EXERCISE DIRECTIONS =
Lines to return, exactly: from the line with "Tourists visit the" to the line with "Adjacent to the" in the entries below, both included.

(Records from a data collection)

*** Begin section ***

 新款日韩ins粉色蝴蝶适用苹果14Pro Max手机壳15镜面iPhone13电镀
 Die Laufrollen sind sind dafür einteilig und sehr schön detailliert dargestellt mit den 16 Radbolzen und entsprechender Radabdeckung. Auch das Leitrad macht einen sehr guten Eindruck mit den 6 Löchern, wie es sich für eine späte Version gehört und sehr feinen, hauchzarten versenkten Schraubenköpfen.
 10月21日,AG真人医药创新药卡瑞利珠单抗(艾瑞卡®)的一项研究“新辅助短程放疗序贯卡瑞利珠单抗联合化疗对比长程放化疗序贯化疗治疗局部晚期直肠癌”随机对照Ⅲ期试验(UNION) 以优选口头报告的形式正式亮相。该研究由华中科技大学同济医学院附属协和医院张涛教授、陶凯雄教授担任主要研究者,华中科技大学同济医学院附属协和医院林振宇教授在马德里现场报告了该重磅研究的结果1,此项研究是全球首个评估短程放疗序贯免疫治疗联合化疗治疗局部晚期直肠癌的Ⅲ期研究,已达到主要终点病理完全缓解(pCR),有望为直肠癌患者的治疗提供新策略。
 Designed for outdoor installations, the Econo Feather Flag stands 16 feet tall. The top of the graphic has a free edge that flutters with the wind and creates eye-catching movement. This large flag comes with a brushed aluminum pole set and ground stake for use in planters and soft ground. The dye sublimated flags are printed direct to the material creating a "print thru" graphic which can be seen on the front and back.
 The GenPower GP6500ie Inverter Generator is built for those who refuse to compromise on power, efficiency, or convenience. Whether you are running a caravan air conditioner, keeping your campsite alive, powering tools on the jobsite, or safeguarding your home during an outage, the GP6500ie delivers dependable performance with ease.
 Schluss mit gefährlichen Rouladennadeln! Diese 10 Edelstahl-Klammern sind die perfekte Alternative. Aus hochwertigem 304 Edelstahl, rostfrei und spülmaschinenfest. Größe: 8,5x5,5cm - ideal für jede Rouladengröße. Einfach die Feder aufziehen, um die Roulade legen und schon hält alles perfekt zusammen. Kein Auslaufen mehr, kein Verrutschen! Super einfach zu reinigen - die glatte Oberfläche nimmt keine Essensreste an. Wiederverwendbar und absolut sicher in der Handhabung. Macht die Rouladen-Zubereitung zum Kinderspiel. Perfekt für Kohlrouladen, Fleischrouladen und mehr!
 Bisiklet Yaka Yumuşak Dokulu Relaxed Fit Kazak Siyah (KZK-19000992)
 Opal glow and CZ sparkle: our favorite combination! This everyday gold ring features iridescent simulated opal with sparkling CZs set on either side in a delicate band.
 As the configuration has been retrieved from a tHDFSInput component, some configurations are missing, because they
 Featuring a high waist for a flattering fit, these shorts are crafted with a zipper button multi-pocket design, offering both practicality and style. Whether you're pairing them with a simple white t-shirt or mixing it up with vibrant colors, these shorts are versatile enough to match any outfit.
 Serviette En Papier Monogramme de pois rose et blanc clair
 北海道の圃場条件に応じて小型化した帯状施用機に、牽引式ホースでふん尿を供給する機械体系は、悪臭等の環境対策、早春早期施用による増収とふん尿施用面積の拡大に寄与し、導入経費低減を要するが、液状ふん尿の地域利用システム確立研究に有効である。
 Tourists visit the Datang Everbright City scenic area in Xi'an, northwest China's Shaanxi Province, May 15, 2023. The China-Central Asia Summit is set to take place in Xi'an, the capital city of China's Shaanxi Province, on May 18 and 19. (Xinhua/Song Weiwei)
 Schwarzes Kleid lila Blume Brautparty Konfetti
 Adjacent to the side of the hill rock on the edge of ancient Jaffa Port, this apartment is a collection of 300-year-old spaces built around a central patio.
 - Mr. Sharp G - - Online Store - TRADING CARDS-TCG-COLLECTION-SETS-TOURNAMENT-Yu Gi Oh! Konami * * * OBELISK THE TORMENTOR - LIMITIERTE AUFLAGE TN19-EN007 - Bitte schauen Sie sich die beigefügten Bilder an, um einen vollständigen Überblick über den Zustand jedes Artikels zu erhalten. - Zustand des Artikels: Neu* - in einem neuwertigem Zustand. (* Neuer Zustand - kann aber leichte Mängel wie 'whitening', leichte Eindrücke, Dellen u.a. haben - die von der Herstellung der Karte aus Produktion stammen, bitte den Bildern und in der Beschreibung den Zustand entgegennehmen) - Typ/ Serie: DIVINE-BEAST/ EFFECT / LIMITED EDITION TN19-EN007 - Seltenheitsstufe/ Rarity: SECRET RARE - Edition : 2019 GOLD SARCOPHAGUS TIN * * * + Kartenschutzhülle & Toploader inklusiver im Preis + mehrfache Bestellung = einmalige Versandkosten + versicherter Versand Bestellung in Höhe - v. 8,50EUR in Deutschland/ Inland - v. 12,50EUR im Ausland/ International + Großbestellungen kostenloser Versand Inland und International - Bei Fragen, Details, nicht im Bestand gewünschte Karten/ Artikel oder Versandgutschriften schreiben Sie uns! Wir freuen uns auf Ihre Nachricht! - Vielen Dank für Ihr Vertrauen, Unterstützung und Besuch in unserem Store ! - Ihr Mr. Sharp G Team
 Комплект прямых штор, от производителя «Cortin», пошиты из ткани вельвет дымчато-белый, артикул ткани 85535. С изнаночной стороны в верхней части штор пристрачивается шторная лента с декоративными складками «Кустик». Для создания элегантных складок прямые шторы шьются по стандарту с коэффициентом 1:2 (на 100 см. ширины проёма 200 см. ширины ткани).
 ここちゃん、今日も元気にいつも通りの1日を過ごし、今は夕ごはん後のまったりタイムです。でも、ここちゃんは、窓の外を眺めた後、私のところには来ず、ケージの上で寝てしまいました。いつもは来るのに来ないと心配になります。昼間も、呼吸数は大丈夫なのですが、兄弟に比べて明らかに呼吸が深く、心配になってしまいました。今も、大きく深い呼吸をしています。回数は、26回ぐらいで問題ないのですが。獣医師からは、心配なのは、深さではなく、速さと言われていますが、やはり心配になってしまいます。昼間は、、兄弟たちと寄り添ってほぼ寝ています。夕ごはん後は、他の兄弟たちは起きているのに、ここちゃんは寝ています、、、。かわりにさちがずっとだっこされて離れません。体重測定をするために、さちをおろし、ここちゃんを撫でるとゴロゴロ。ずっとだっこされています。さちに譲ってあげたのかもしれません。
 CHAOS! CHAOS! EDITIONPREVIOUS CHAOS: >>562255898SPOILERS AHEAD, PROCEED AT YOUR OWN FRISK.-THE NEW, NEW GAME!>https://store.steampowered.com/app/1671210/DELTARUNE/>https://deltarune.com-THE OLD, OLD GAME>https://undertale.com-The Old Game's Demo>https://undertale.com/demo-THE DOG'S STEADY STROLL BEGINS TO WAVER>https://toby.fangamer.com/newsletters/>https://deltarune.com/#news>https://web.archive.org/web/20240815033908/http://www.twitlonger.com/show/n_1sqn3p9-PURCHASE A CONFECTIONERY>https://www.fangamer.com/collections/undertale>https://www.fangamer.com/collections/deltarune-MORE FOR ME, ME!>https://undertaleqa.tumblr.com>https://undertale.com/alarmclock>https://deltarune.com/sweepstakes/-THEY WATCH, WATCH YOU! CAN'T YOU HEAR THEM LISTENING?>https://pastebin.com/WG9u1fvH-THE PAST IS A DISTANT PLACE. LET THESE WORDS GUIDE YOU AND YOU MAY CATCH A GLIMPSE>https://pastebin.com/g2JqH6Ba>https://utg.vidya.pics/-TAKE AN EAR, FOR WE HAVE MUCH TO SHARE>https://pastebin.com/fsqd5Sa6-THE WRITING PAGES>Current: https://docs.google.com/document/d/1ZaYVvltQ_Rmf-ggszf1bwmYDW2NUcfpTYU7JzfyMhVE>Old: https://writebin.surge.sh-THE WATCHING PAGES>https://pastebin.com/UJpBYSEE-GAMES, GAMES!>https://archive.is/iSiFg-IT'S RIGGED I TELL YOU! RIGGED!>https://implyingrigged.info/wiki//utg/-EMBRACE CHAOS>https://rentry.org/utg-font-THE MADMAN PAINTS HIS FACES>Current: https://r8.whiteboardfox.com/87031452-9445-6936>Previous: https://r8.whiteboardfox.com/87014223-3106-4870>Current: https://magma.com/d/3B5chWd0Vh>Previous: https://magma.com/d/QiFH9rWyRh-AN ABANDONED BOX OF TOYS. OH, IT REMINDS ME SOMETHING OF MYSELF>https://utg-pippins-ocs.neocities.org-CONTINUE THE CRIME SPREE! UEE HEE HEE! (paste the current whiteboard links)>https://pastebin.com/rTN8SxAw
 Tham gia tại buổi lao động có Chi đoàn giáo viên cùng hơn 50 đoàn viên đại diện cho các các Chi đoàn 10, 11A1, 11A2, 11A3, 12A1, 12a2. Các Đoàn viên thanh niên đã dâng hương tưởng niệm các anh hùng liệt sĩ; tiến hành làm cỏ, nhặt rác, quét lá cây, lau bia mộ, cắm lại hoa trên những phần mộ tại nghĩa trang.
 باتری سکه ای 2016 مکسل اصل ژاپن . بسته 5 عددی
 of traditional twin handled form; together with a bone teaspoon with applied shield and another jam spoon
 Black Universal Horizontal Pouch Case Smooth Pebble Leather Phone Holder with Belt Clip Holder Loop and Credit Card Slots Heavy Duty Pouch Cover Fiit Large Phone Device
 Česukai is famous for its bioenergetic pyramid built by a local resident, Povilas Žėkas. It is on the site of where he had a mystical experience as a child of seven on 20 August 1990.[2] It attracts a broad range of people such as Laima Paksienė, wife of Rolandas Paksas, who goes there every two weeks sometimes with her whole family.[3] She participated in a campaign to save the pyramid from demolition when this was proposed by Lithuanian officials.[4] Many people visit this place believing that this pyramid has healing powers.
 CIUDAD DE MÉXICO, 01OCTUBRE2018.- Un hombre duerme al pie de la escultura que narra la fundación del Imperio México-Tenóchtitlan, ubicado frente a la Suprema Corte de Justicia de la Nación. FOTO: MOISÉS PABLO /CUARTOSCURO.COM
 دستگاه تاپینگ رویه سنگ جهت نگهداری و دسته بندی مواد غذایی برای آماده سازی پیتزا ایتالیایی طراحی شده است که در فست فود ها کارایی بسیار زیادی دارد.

*** End section ***

YOUR RESPONSE =
 Tourists visit the Datang Everbright City scenic area in Xi'an, northwest China's Shaanxi Province, May 15, 2023. The China-Central Asia Summit is set to take place in Xi'an, the capital city of China's Shaanxi Province, on May 18 and 19. (Xinhua/Song Weiwei)
 Schwarzes Kleid lila Blume Brautparty Konfetti
 Adjacent to the side of the hill rock on the edge of ancient Jaffa Port, this apartment is a collection of 300-year-old spaces built around a central patio.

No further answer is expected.